We added it to the mix because it got increasingly difficult to tune SQL queries involved in building API responses, especially for endpoints that needed to pull data from many tables.
Our limited experience of MySQL operations was also a factor. We're on 5.5 and couldn't do some table operations that seemed promising without service disruptions. There were solutions to perform the actions we wanted without downtime but they scared us a bit. We also looked into upgrading to 5.6 or MariaDB but that seemed like it would take a long time and need much testing, while there were no guarantees that we would see performance gains.
We looked for alternative solutions and found RethinkDB. We reused the parts that serialize data for the API and put the resulting documents in RethinkDB. Then we had our API request handlers pull data from there instead of from MySQL and added indexes to support various kinds of filtering, pagination, and so on. We built this for our most problematic endpoint and got the two-server cluster up and running in about a week, tried it out on employees for another week, and then enabled it for everyone (with the option to quickly fall back to pulling data from MySQL).
This turned out to work well and we saw good response times, so we did the same thing for other endpoints.
There's some complexity involved in keeping RethinkDB docs up to date with MySQL (where writes still go) but nothing extreme and we haven't had many sync issues.
RethinkDB has been rock solid and it's a joy to operate.
Had you looked into using PostgreSQL's materialized views? you can add indexes to the view with the additional bonus of the view hiding those joins from client code.
Everyone has this problem. But it's been largely solved in practice by performing the schema changes on slaves, and then promoting the slaves to master.
Also, if you're just using RethinkDB as a delayed (and almost certainly inconsistent) secondary storage system, why not use ElasticSearch instead?
BTW, 250GB fits in memory on any decent size box. You're not really going to see how things scale till you get into the terabytes.
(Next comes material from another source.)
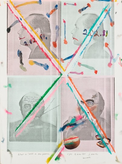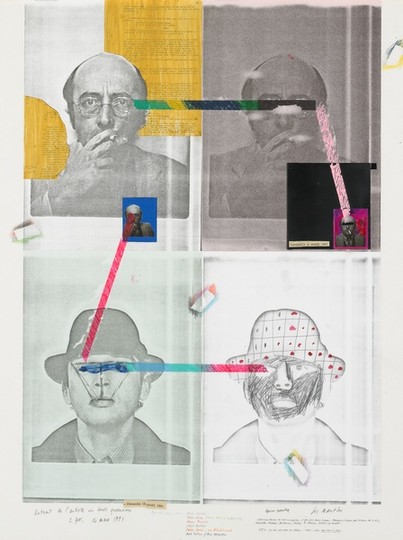 Né d’une commande faite à Philippe Lacoue-Labarthe à l’occasion d’une exposition, l’ensemble de collages regroupé sous le titre Retrait de l’artiste, en deux personnes est une forme de création dialogique menée par l’auteur et le peintre François Martin à partir de clichés d’eux-mêmes pris dans un photomaton. Volontiers qualifiée d’ « essai » par Lacoue-Labarthe, leur œuvre commune aborde le genre de l’autoportrait, tout en proposant une réflexion sur « les questions problématiques du psychologisme, de la ressemblance, de l'identité et du narcissisme1 ». Évoquant le travail de la série dans la peinture de François Martin, l’écrivain n’hésite pas à se référer au champ musical de l’improvisation jazz, en parlant de thème et de « standard », l’analogie étant tout aussi valable pour la présente œuvre. Il note que « c’est dans de telles limites que peut s’éprouver, sur le mode du jeu, une liberté réelle2 ». Retrait de l’artiste, en deux personnes résulte d’un jeu de révélation et de recouvrement des deux figures par la forme, la couleur mais aussi par l’écriture. Remise en question de l’autorité de l’artiste, l’œuvre est définie par Philippe Lacoue-Labarthe comme « une auto-(bio)graphie que sanctionnent deux signatures3 ».

All of our physical boxes have 256gb+ of RAM.
They run VM's via XenServer for most of our uses, but our production DB's run on bare metal as they need the RAM and disk performance.
If you are looking for larger purchases 50k+ USD than you should talk directly with Dell, HP or comparable vendor and put them into the play off for who you choose :)
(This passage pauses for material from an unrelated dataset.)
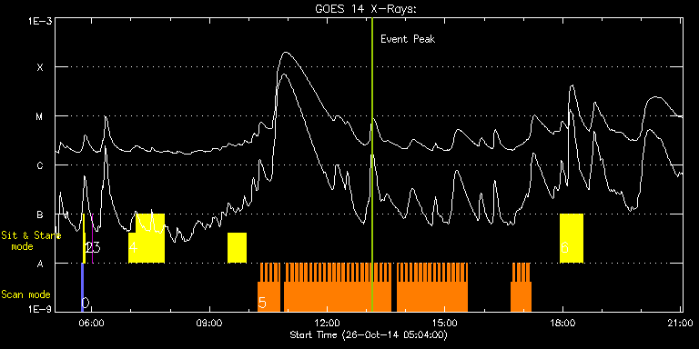EIS Observation timeline overlay to GOES-Xray curve Code 1" 2" 40" 266" EIS Observations list for this event: STUDY ACRONYM ID DATE OBSERVED DESCRIPTION NOAA# TARGET 0 PRY_slot_contextLITE | 43437 | 2014/10/26 05:43:50 | alignment | | Active Region TIMELINE ID DATE OBSERVED FITS FILE XCEN (+W/-E) YCEN (+N/-S) DUR ----------------------------------------------------------------------------------------------------------------- 43437 | 2014/10/26 05:43:50.000 | eis_l0_20141026_054350.fits.gz | -25.10 | -3.42 | 2m56s 1 Alignment_266 | 43438 | 2014/10/26 05:47:05 | alignment | | Quiet Sun TIMELINE ID DATE OBSERVED FITS FILE XCEN (+W/-E) YCEN (+N/-S) DUR ----------------------------------------------------------------------------------------------------------------- 43438 | 2014/10/26 05:47:05.000 | eis_l0_20141026_054705.fits.gz | -142.55 | -3.50 | 1m22s 2 XRT_synop_AIA | 43439 | 2014/10/26 05:49:12 | alignment | | Quiet Sun TIMELINE ID DATE OBSERVED FITS FILE XCEN (+W/-E) YCEN (+N/-S) DUR ----------------------------------------------------------------------------------------------------------------- 43439 | 2014/10/26 05:49:12.000 | eis_l0_20141026_054912.fits.gz | -142.55 | -3.50 | 10s 3 regcal077 | 43485 | 2014/10/26 06:00:21 | Flatfield, 2 exposures, led 80ms, full | | Engineering TIMELINE ID DATE OBSERVED FITS FILE XCEN (+W/-E) YCEN (+N/-S) DUR ----------------------------------------------------------------------------------------------------------------- 43485 | 2014/10/26 06:00:21.000 | eis_l0_20141026_060021.fits.gz | 528.67 | -371.54 | 4s 4 Flare266_Hunter02 | 43489 | 2014/10/26 06:57:06 | Major Flare Watch observation | 2192 | Flare TIMELINE ID DATE OBSERVED FITS FILE XCEN (+W/-E) YCEN (+N/-S) DUR ----------------------------------------------------------------------------------------------------------------- 43489 | 2014/10/26 06:57:06.000 | eis_l0_20141026_065706.fits.gz | 388.70 | -321.00 | 10m36s 43489 | 2014/10/26 07:08:08.000 | eis_l0_20141026_070808.fits.gz | 390.09 | -320.92 | 42m41s 43489 | 2014/10/26 09:28:00.000 | eis_l0_20141026_092800.fits.gz | 407.32 | -319.76 | 28m29s 5 HH_Flare_raster_v6 | 43457 | 2014/10/26 10:14:19 | Major Flare Watch observation | 2192 | Flare TIMELINE ID DATE OBSERVED FITS FILE XCEN (+W/-E) YCEN (+N/-S) DUR ----------------------------------------------------------------------------------------------------------------- 43457 | 2014/10/26 10:14:19.000 | eis_l0_20141026_101419.fits.gz | 558.05 | -307.22 | 3m32s 43457 | 2014/10/26 10:17:53.000 | eis_l0_20141026_101753.fits.gz | 558.66 | -307.45 | 3m32s 43457 | 2014/10/26 10:21:28.000 | eis_l0_20141026_102128.fits.gz | 558.97 | -307.38 | 3m32s 43457 | 2014/10/26 10:25:02.000 | eis_l0_20141026_102502.fits.gz | 559.44 | -307.30 | 3m31s 43457 | 2014/10/26 10:28:36.000 | eis_l0_20141026_102836.fits.gz | 559.90 | -307.22 | 3m31s 43457 | 2014/10/26 10:32:10.000 | eis_l0_20141026_103210.fits.gz | 560.36 | -307.15 | 3m32s 43457 | 2014/10/26 10:35:44.000 | eis_l0_20141026_103544.fits.gz | 560.75 | -307.15 | 3m32s 43457 | 2014/10/26 10:39:19.000 | eis_l0_20141026_103919.fits.gz | 561.14 | -307.15 | 3m32s 43457 | 2014/10/26 10:42:54.000 | eis_l0_20141026_104254.fits.gz | 561.68 | -307.15 | 3m32s 43457 | 2014/10/26 10:46:29.000 | eis_l0_20141026_104629.fits.gz | 562.06 | -307.45 | 51s 43457 | 2014/10/26 10:54:09.000 | eis_l0_20141026_105409.fits.gz | 562.99 | -307.15 | 3m 43457 | 2014/10/26 10:57:12.000 | eis_l0_20141026_105712.fits.gz | 563.30 | -307.07 | 3m31s 43457 | 2014/10/26 11:00:46.000 | eis_l0_20141026_110046.fits.gz | 563.76 | -307.07 | 3m31s 43457 | 2014/10/26 11:04:20.000 | eis_l0_20141026_110420.fits.gz | 564.23 | -307.07 | 3m32s 43457 | 2014/10/26 11:07:54.000 | eis_l0_20141026_110754.fits.gz | 564.53 | -306.76 | 3m32s 43457 | 2014/10/26 11:11:29.000 | eis_l0_20141026_111129.fits.gz | 565.00 | -306.92 | 3m31s 43457 | 2014/10/26 11:15:03.000 | eis_l0_20141026_111503.fits.gz | 565.54 | -306.84 | 3m32s 43457 | 2014/10/26 11:18:38.000 | eis_l0_20141026_111838.fits.gz | 565.93 | -306.76 | 3m32s 43457 | 2014/10/26 11:22:12.000 | eis_l0_20141026_112212.fits.gz | 566.39 | -306.68 | 3m31s 43457 | 2014/10/26 11:25:46.000 | eis_l0_20141026_112546.fits.gz | 566.78 | -306.84 | 3m31s 43457 | 2014/10/26 11:29:20.000 | eis_l0_20141026_112920.fits.gz | 567.24 | -306.76 | 3m32s 43457 | 2014/10/26 11:32:55.000 | eis_l0_20141026_113255.fits.gz | 567.62 | -306.61 | 3m31s 43457 | 2014/10/26 11:36:29.000 | eis_l0_20141026_113629.fits.gz | 568.09 | -306.61 | 3m31s 43457 | 2014/10/26 11:40:03.000 | eis_l0_20141026_114003.fits.gz | 568.40 | -306.53 | 3m32s 43457 | 2014/10/26 11:43:38.000 | eis_l0_20141026_114338.fits.gz | 568.94 | -306.68 | 3m31s 43457 | 2014/10/26 11:47:12.000 | eis_l0_20141026_114712.fits.gz | 569.32 | -306.76 | 3m31s 43457 | 2014/10/26 11:50:46.000 | eis_l0_20141026_115046.fits.gz | 569.79 | -306.53 | 3m32s 43457 | 2014/10/26 11:54:21.000 | eis_l0_20141026_115421.fits.gz | 570.25 | -306.45 | 3m31s 43457 | 2014/10/26 11:57:55.000 | eis_l0_20141026_115755.fits.gz | 570.72 | -306.61 | 3m31s 43457 | 2014/10/26 12:01:29.000 | eis_l0_20141026_120129.fits.gz | 570.95 | -306.37 | 3m32s 43457 | 2014/10/26 12:05:04.000 | eis_l0_20141026_120504.fits.gz | 571.41 | -306.37 | 3m31s 43457 | 2014/10/26 12:08:38.000 | eis_l0_20141026_120838.fits.gz | 572.03 | -306.53 | 3m31s 43457 | 2014/10/26 12:12:12.000 | eis_l0_20141026_121212.fits.gz | 572.34 | -306.45 | 3m31s 43457 | 2014/10/26 12:15:46.000 | eis_l0_20141026_121546.fits.gz | 572.72 | -306.45 | 3m32s 43457 | 2014/10/26 12:19:20.000 | eis_l0_20141026_121920.fits.gz | 573.19 | -306.37 | 3m32s 43457 | 2014/10/26 12:22:54.000 | eis_l0_20141026_122254.fits.gz | 573.65 | -306.45 | 3m32s 43457 | 2014/10/26 12:26:28.000 | eis_l0_20141026_122628.fits.gz | 574.04 | -306.22 | 3m32s 43457 | 2014/10/26 12:30:03.000 | eis_l0_20141026_123003.fits.gz | 574.42 | -306.14 | 3m31s 43457 | 2014/10/26 12:33:37.000 | eis_l0_20141026_123337.fits.gz | 574.81 | -306.22 | 3m31s 43457 | 2014

Rethink's 'ungroup' method lets you chain multiple reductions, which is incredibly powerful for building aggregation queries. Elasticsearch doesn't have that capability, and hence its aggregation capabilities are severely limited.
For example, with Rethink, it's very easy to compute a metric from metrics computed in a previous reduction. You can't do that with Elasticsearch, since its dsl allows metrics to only be computed from fields in the raw document, but not from other aggregation metrics.